The calculation follows three well-defined steps rooted in the mole concept.

Step 1 — Find the limiting reagent. For each reactant, divide its available moles by its stoichiometric coefficient from the balanced equation. The reactant that gives the smallest quotient is the limiting reagent because it is the first to be consumed. Every other reactant is present in excess — extra moles of excess reactants do not increase product.

Step 2 — Convert to moles of product. Using the mole ratio from the balanced equation:

moles of product = (moles of limiting reagent / coefficient of limiting reagent) × coefficient of product

Step 3 — Convert to grams. Multiply the moles of product by its molar mass M (in g/mol):

theoretical yield (g) = moles of product × M

Percent yield is then defined as:

percent yield (%) = (actual yield / theoretical yield) × 100

The calculator accepts up to five reactants and can solve in three directions: find theoretical yield from moles, find percent yield from an actual yield, or back-calculate the actual yield corresponding to a given percent yield.

Worked example

Reaction: combustion of ethanol — C₂H₅OH + 3 O₂ → 2 CO₂ + 3 H₂O

Suppose you start with 2.00 mol ethanol (M = 46.07 g/mol) and 5.00 mol O₂ (M = 32.00 g/mol), and you want the theoretical yield of CO₂ (M = 44.01 g/mol, coefficient = 2).

Reactant	Moles available	Coefficient	Moles / coeff
C₂H₅OH	2.00	1	2.00
O₂	5.00	3	1.667

Limiting reagent: O₂ (smallest ratio = 1.667)

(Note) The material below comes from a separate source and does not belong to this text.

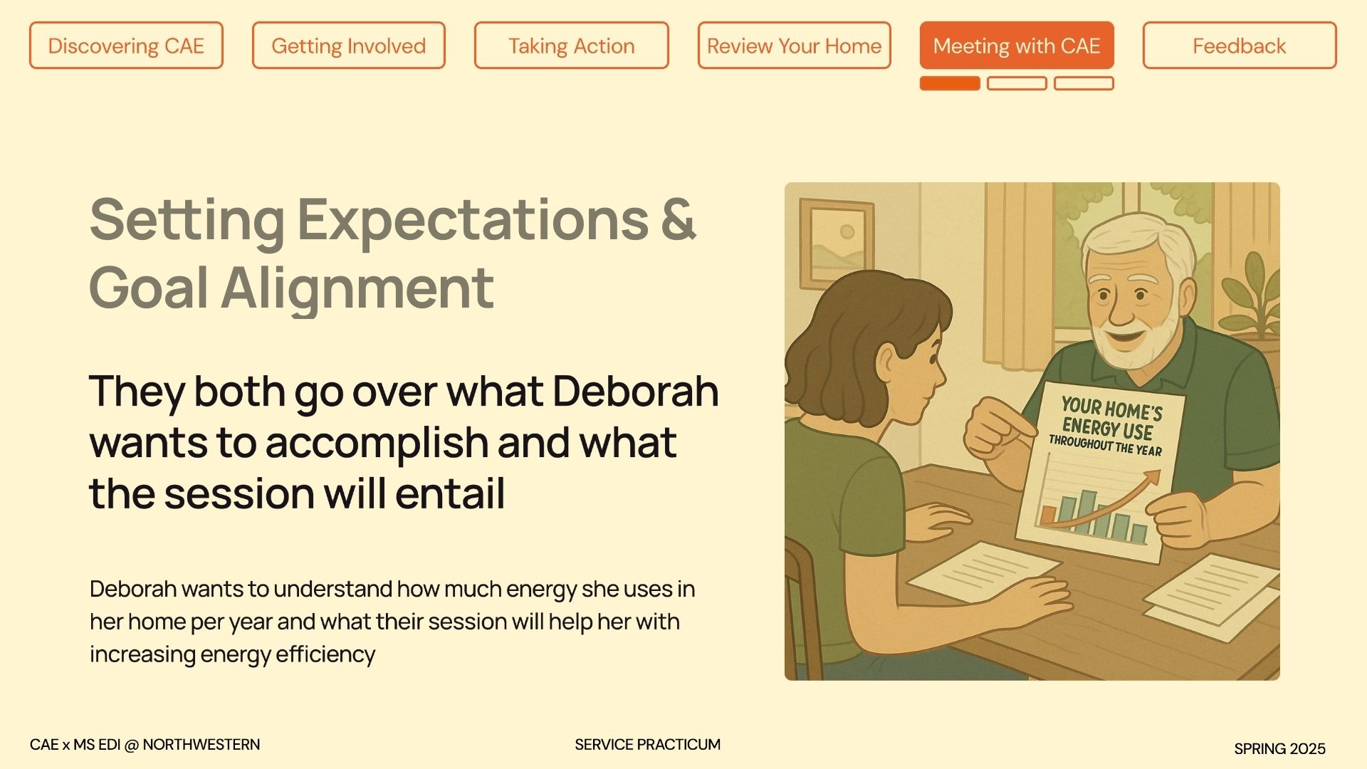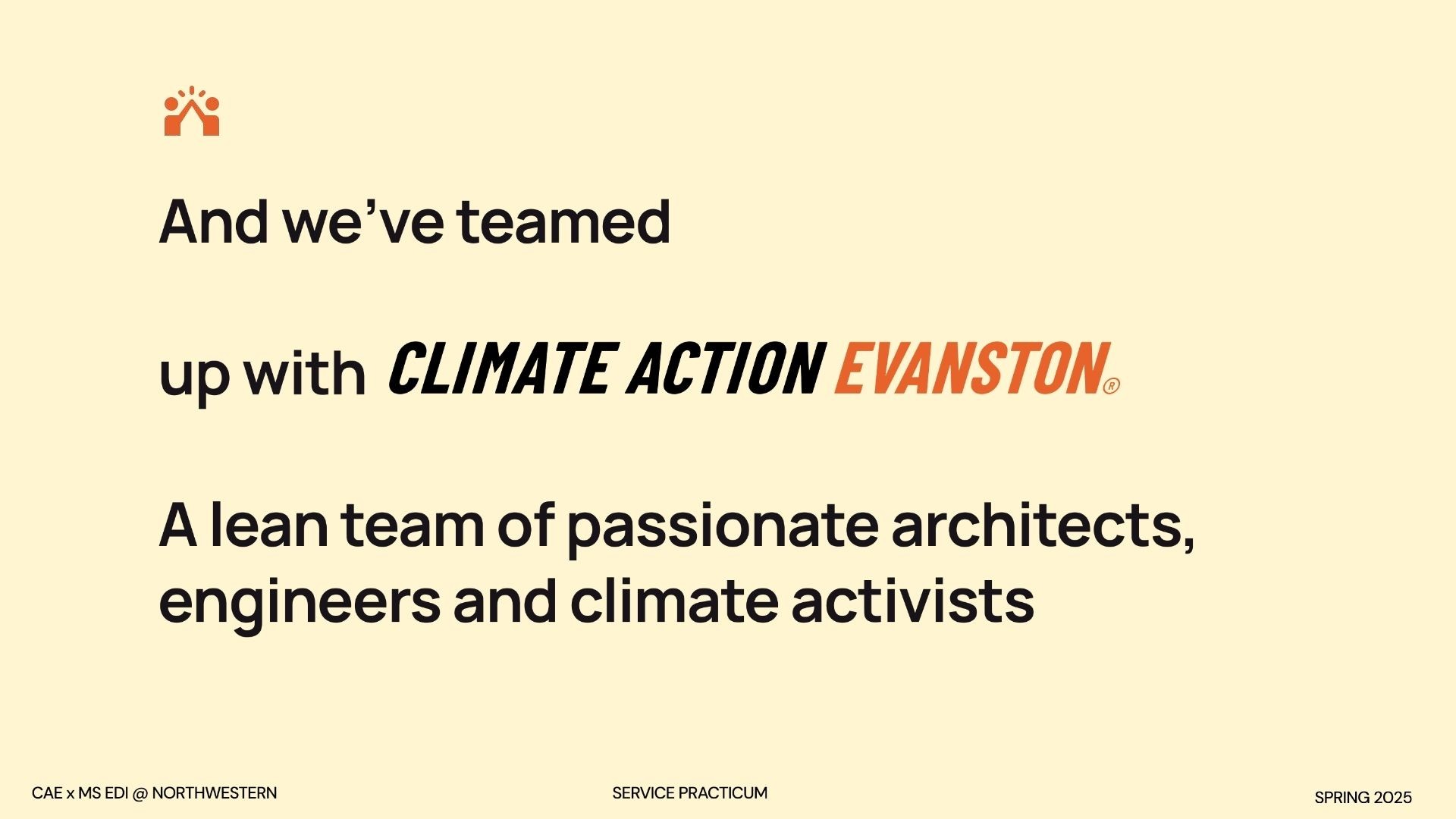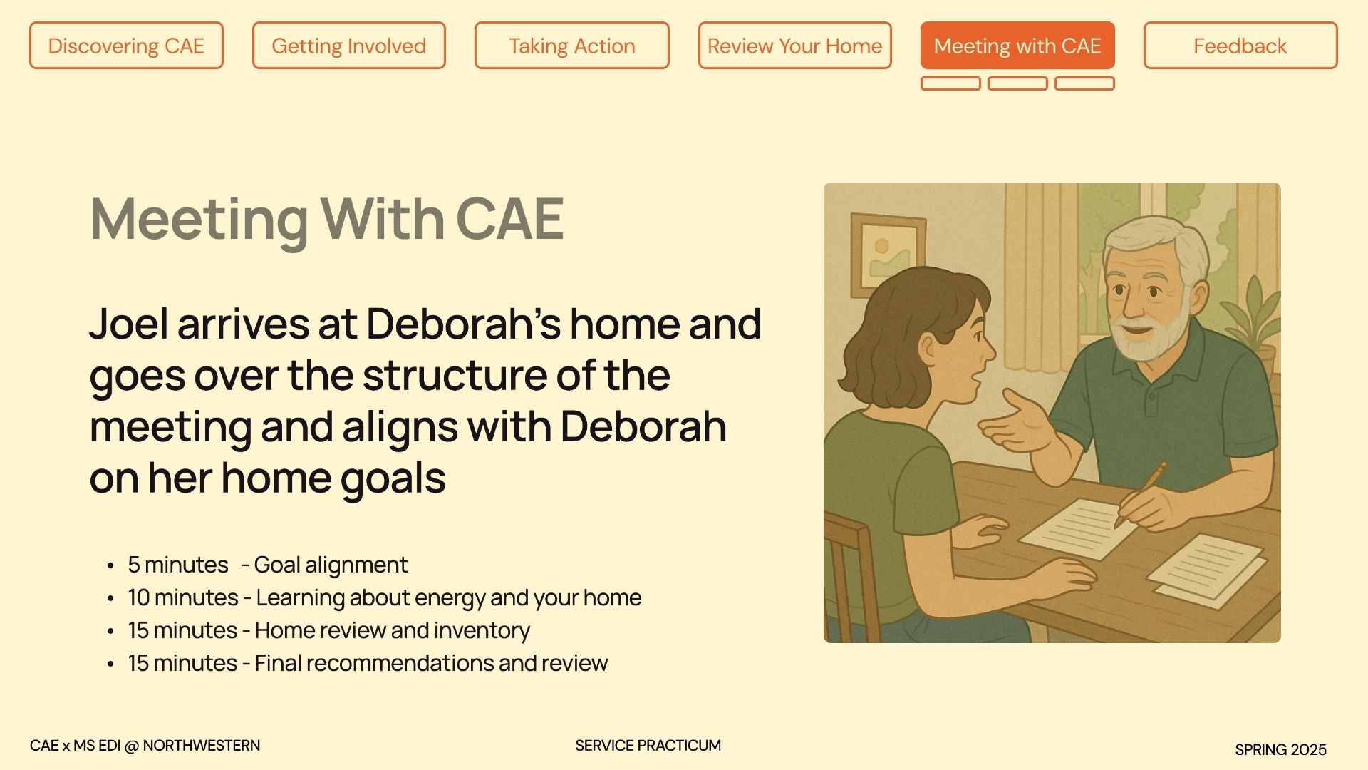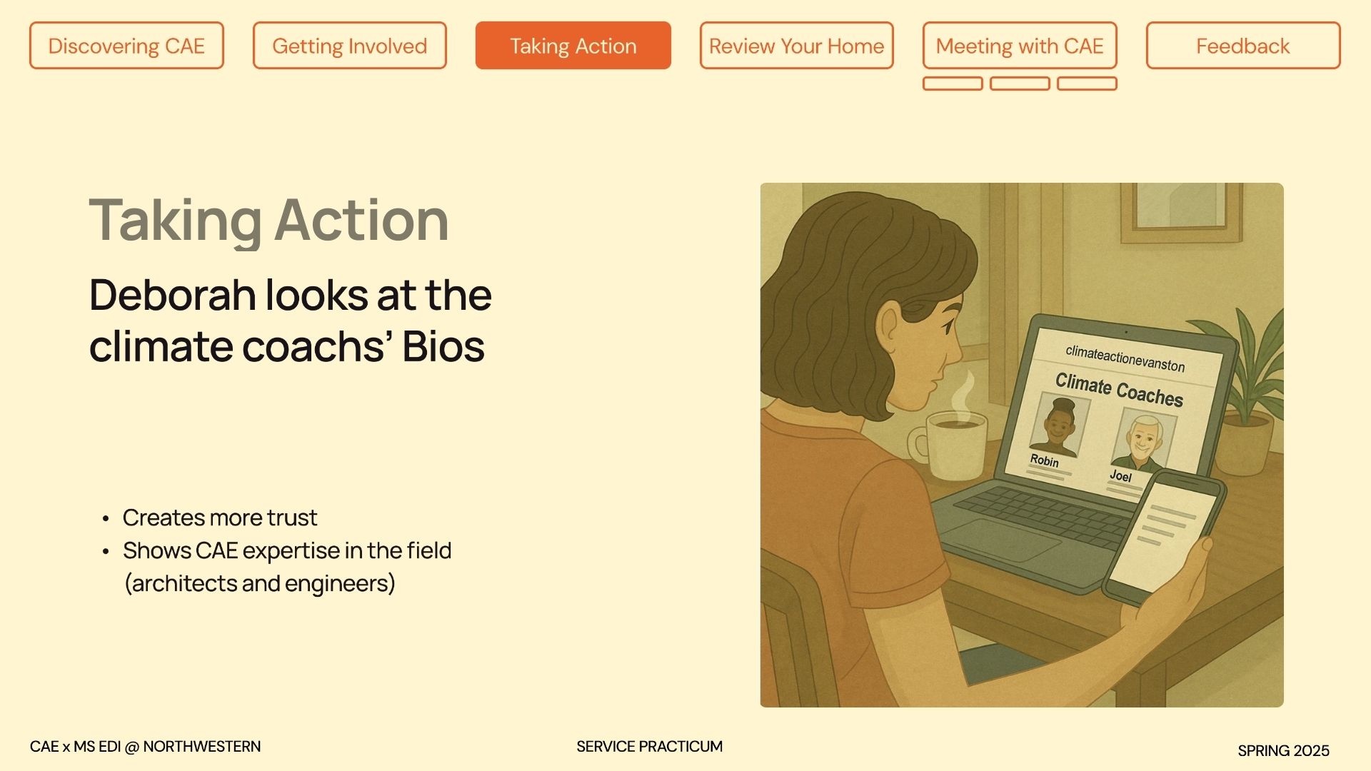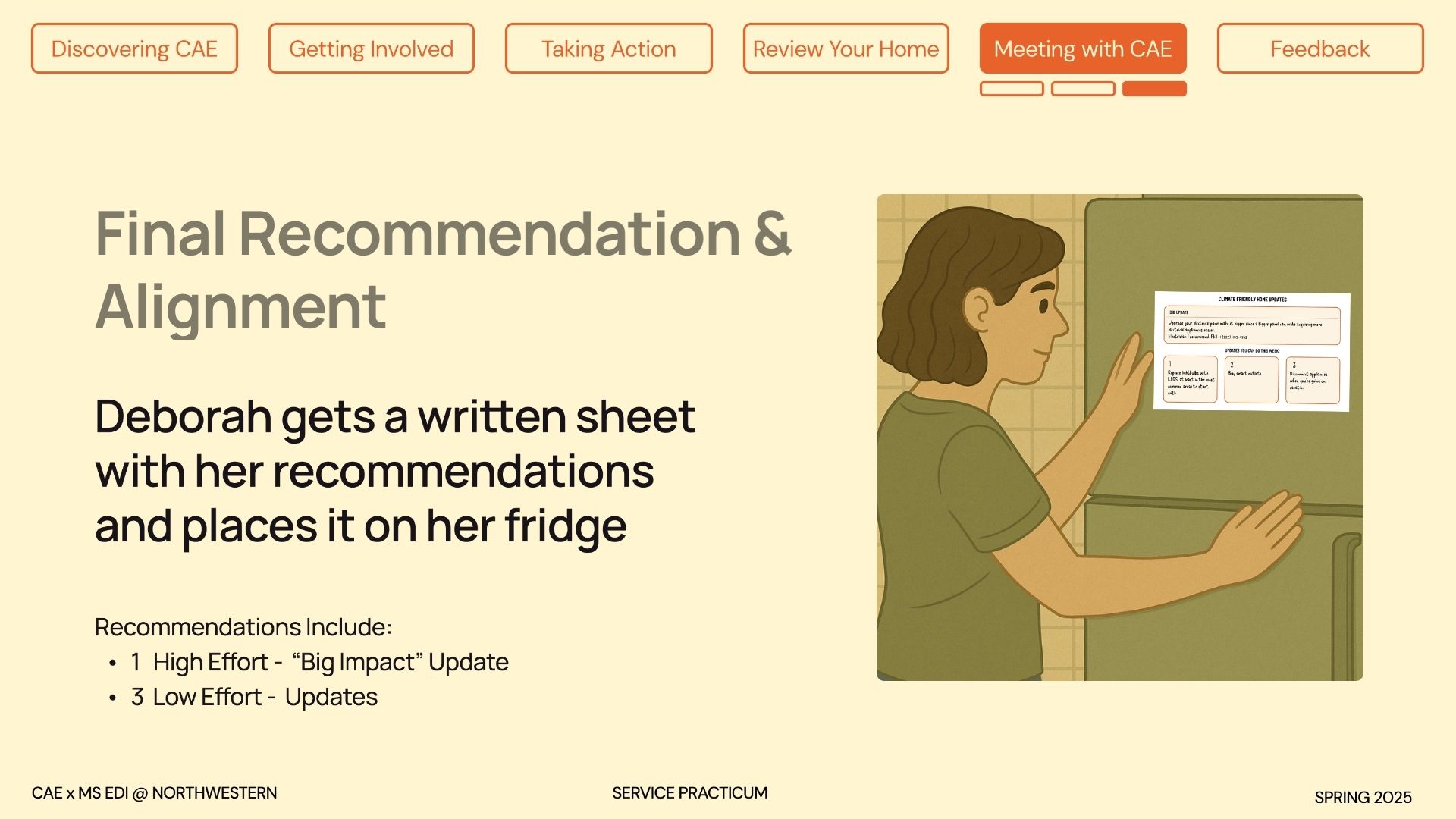 In collaboration with Climate Action Evanston (CAE), we developed an end-to-end coaching service to bridge the gap between high-level climate goals and individual household action. This project orchestrates expert architectural and engineering knowledge into an accessible, human-centered journey that empowers residents to navigate the complexities of home energy efficiency.

Moles of CO₂ = (5.00 / 3) × 2 = 3.333 mol

Theoretical yield of CO₂ = 3.333 × 44.01 = 146.7 g

If the experiment actually produced 114 g of CO₂:

Percent yield = (114 / 146.7) × 100 = 77.7%

Formula note

The core stoichiometric identity used here is:

n(product) = n(limiting) × (coeff_product / coeff_limiting)

where n is amount in moles. Combined with m = n × M (mass = moles × molar mass), this gives the theoretical yield in grams. No approximations are involved — the only source of difference from experiment is real-world loss (incomplete reaction, product retained on glassware, etc.).

Constants used: Avogadro’s number N_A = 6.022 × 10²³ mol⁻¹ is implicit in the molar mass values (atomic masses on the IUPAC 2021 scale). The calculation itself requires only the mole ratio and M, not N_A explicitly.